Rejecting charges of wrongdoing in coal block allocations, Prime Minister Manmohan Singh said on Monday the government has already initiated the process of cancelling mines to companies which failed to develop them and action would be taken against 'wrongdoers' if any.
"We have initiated action to cancel the allocations of allottees who did not take adequate follow-up action to commence production," Singh said in a statement in both Houses of Parliament amid uproar created by the Bharatiya Janata Party.
Singh's rebuttal came in the wake of Government auditor CAG computing that private firms gained a whopping Rs 1.86 lakh crore (Rs 1.86 trillion) undue benefit from allocation of 57 coal blocks without competitive bidding between 2005 and 2009.
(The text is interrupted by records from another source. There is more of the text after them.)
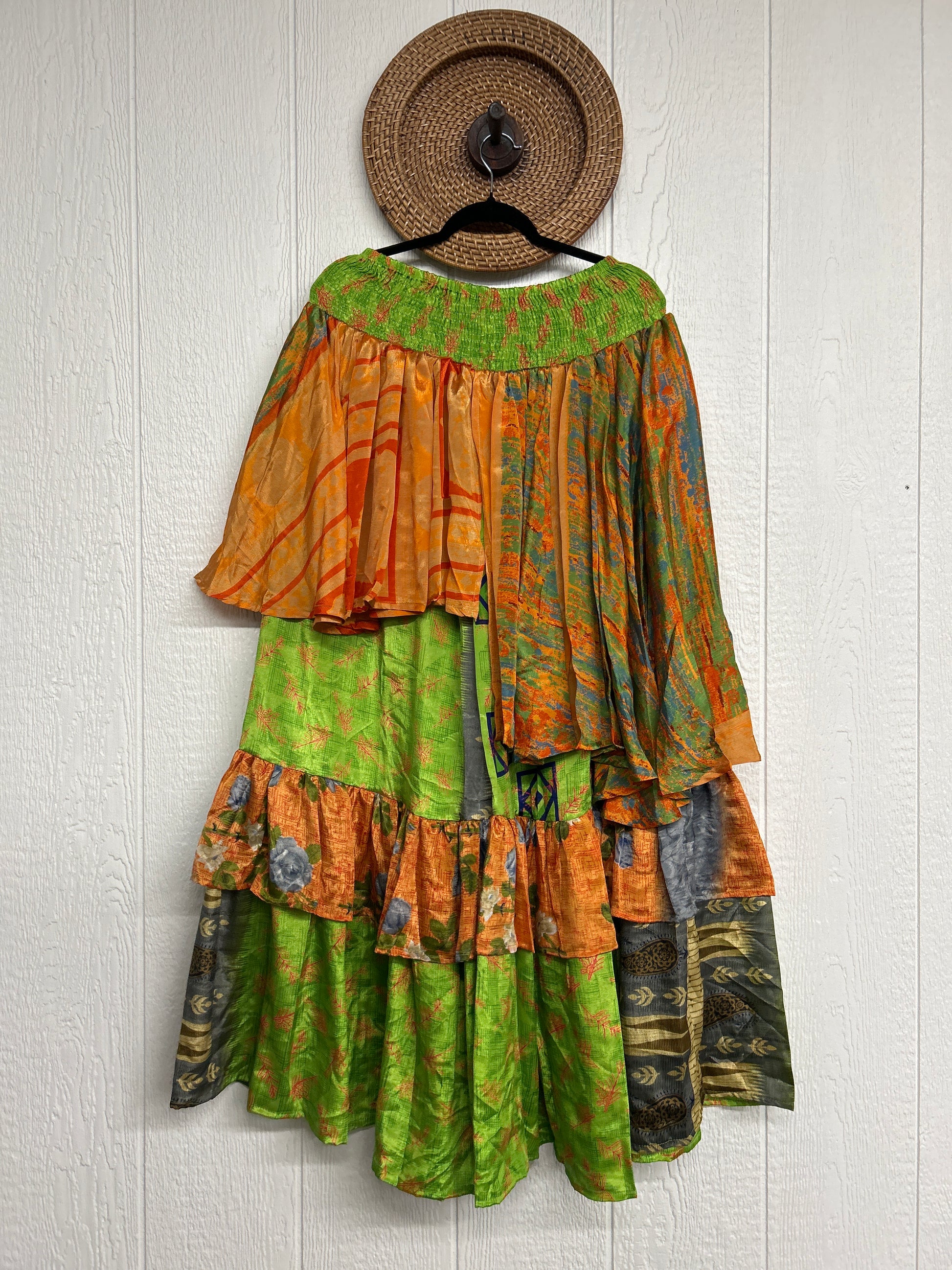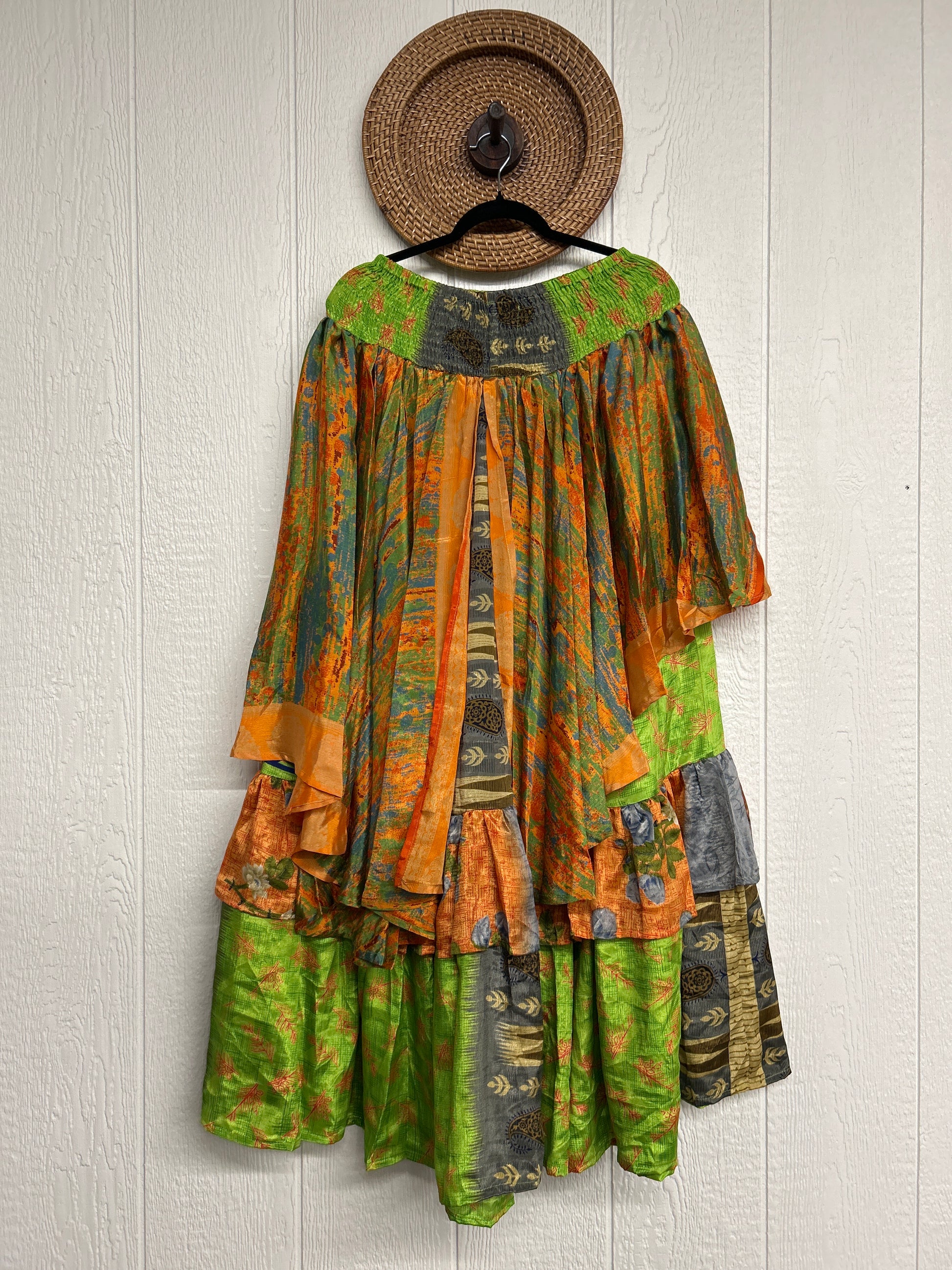 Crafted from vintage rasgulla sari these ethereal pants features stretchy waist, super wide legs, double tier hem and a skirt layer. these pants will make you want to dance! One size, recommended up to size 22/24 Crafted and sewn by families in a small village in Northern India providing work and a fair living. This product should be hand washed and line dried for longest life. For softness, fluff in the dryer on low heat after it has dried from hand washing. Disclosure: Our vintage styles have lived a full life before becoming the designs in our shop. Fabrics may have small threads or holes in the layers. Color inconsistency or small stains may be present. The saris are sewn together and extend the life of each design. Imperfections should be celebrated.
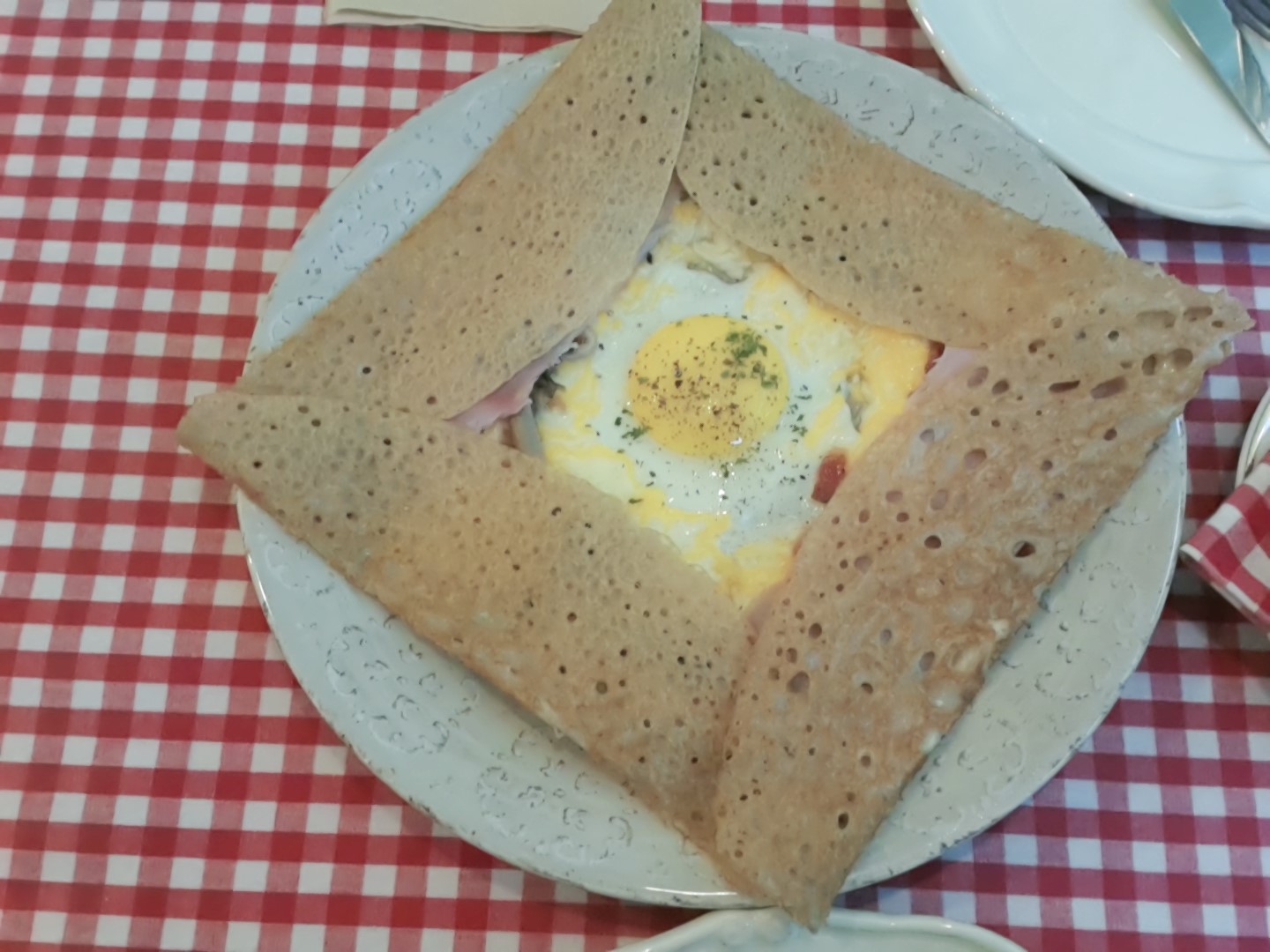 올랄라파리 콤비네이션 - 프랑스 메밀 갈레트! 100% 봉평 메밀만의 구수함에 햄, 베이컨, 계란, 4가지 치즈가 조화롭게 어울리는 음식이었어요!
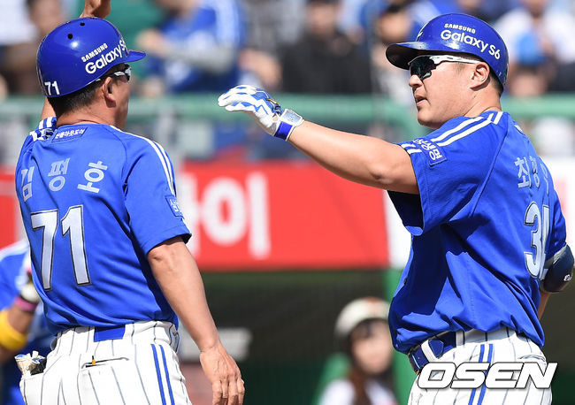 10일 오후 인천광역시 인천SK행복드림구장에서 열린 '2015 타이어뱅크 KBO 리그' SK 와이번스와 삼성 라이온즈의 경기 4회초 1사 최형우가 솔로홈런을 치고 김평호 코치와 하이파이브를 하고 있다.
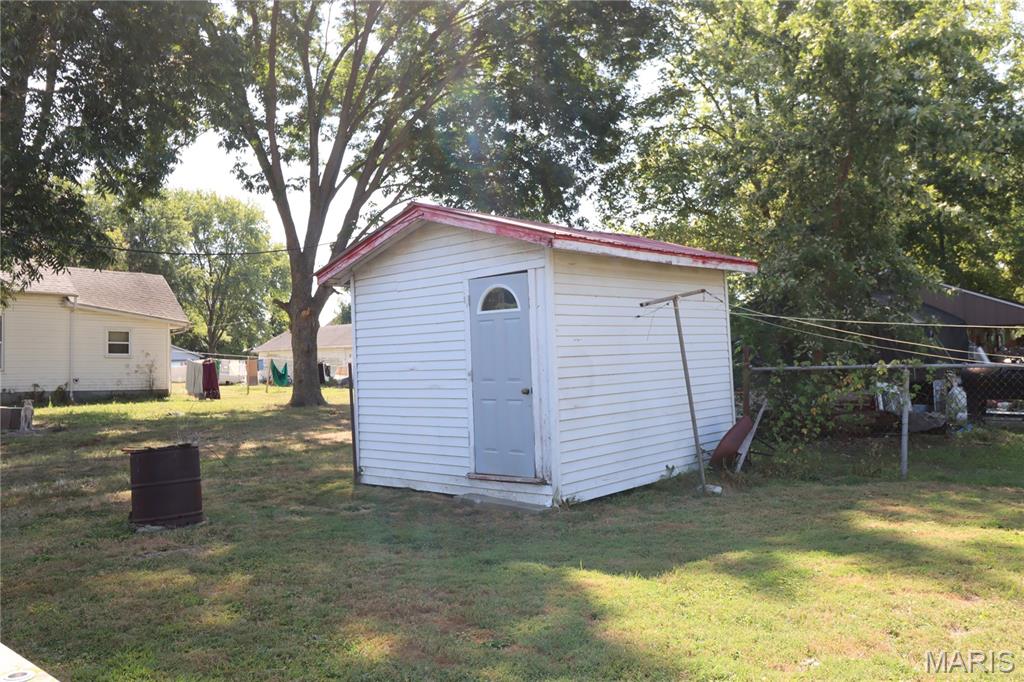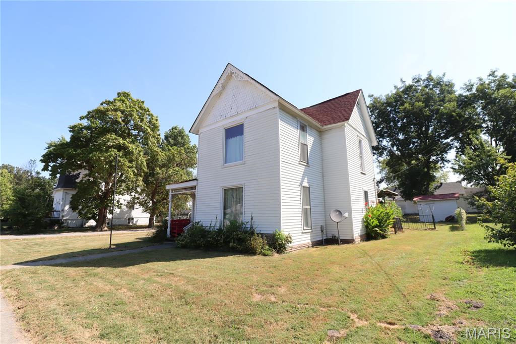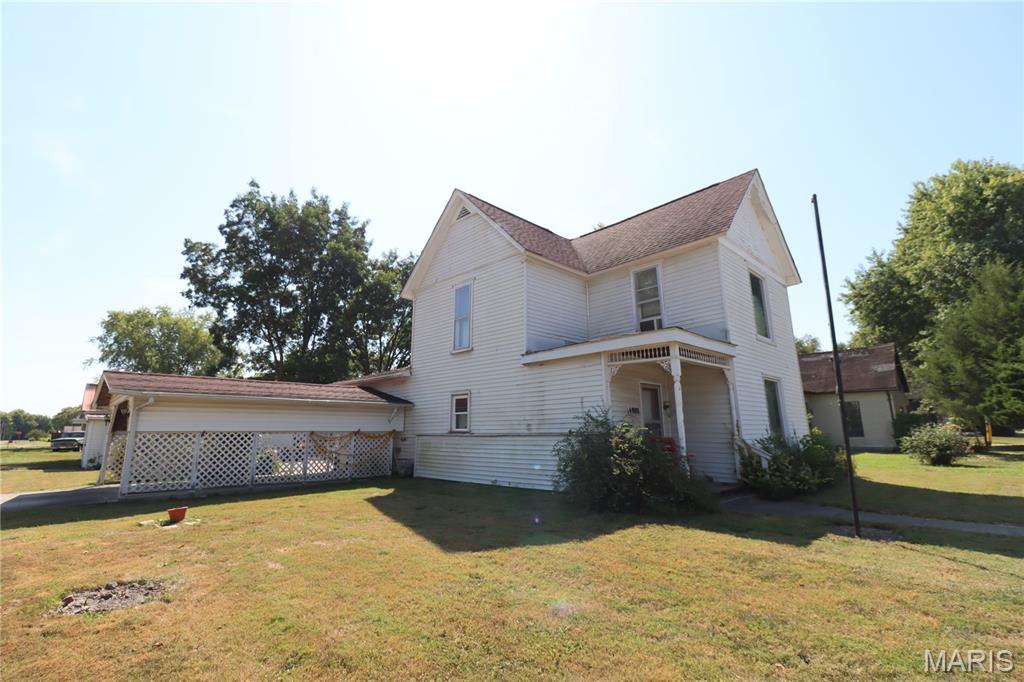 Beautiful Older home with great potential. This four-bedroom one bath home sits on a large corner lot with a detached garage and storage shed. Main level has kitchen, dining room, living room, bedroom, bath & laundry/mud room. Upstairs has three large bedrooms. Cozy front porch and large back patio area. This home will be sold as is. Seller to make no repairs.
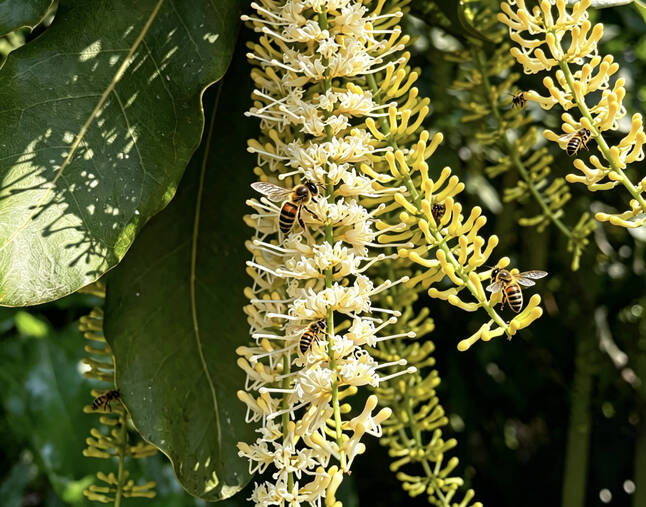 春日的云县,万亩临沧坚果林正值盛花期。米白色的小花缀满枝头,清冽的花香在山间萦绕。花丛间,成群中华蜜蜂忙碌穿梭,为坚果花进行精准授粉。这些小精灵,成了坚果园里的“生态工兵”,也绘出了一幅“林下养蜂、树上结果”的立体农业新画卷。
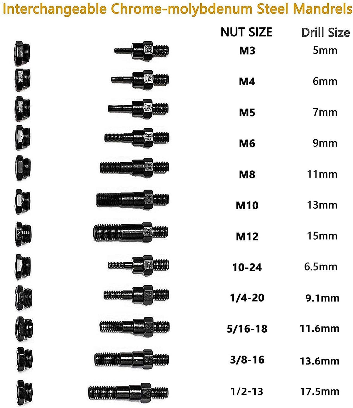 Rzx 16" Rivet Nut Tool Hand Blind Riveter With Nut Setting System Totally 12Mandrels M3 M4 M5,M6,M8,M10 M12, 10-24, 1/4-20, 5/16-18,3/8-16,1/2-13 +115Pcs Rivets Nuts With Aluminum Carrying Case
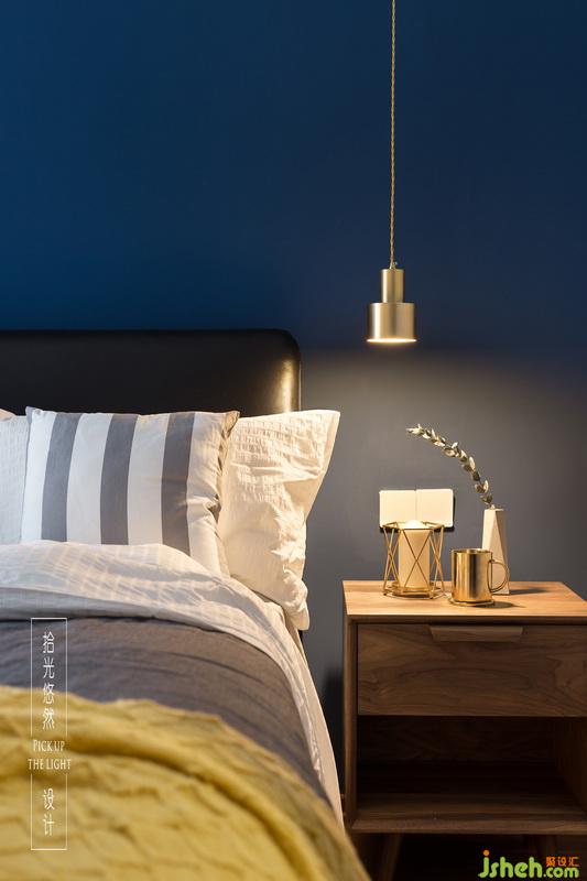 床頭背景采用深藍(lán)色有助睡眠與休息

The Prime Minister said the parties who were alloted mines could not start production which could be 'partly due to cumbersome processes involved in getting statutory clearances. . . .'
The issue of delays in production, he said, was being addressed separately.
Contending that CAG's observations were 'clearly disputable', he stressed that the CBI was also 'separately investigating' the allegation of malpractices on the basis of which due action will be taken against wrongdoers, if any.
The government had earlier said that of the 57 blocks allocated, 20 fall in no go areas and only one was operational out of the remaining 37.
The CAG, in its report tabled in Parliament on August 17, had said that blocks were allocated to private firms on nomination basis instead of competitive bidding, which amounted to Rs 1.86 lakh crore loss to national exchequer.
It had named 25 companies including Essar Power, Hindalco, Tata Steel, Tata Power and Jindal Steel and Power which had got the blocks in various states.
AKK Rejecting CAG's contention that huge benefits were accrued to private parties, the Prime Minister said a part of gains would get appropriated by government taxation and the new mines bill which provides for 26 per cent of the profit by coal miners for development of local areas.
". . . a part of the gains would in any case get appropriated by the government through taxation and under the MMDR Bill, presently being considered by Parliament, 26 per cent of the profits earned on coal mining operations would have to be made available for local area development," Singh said.
The Mines and Mineral Development and Regulation, Bill, which seeks to replace the 57-year-old MMDR Bill that governs the sector at present, provides for sharing of 26 per cent of the profit by coal miners and an amount equivalent to royalty by others with project-affected people.
Singh also said that blocks offered for captive mining were generally located in areas with difficult geological conditions whereas Coal India Ltd has been extracting coal in areas with better infrastructure and favourable conditions.
Besides, he said, "Computation of extractable reserves on averages would not be correct. . .the cost of production of coal varies from mine to mine even for CIL due to varying geo mining conditions."
The government watchdog has computed financial gains to private parties as being the difference between the average sale price and the production cost of CIL of the estimated extractable reserves of the allocated coal blocks.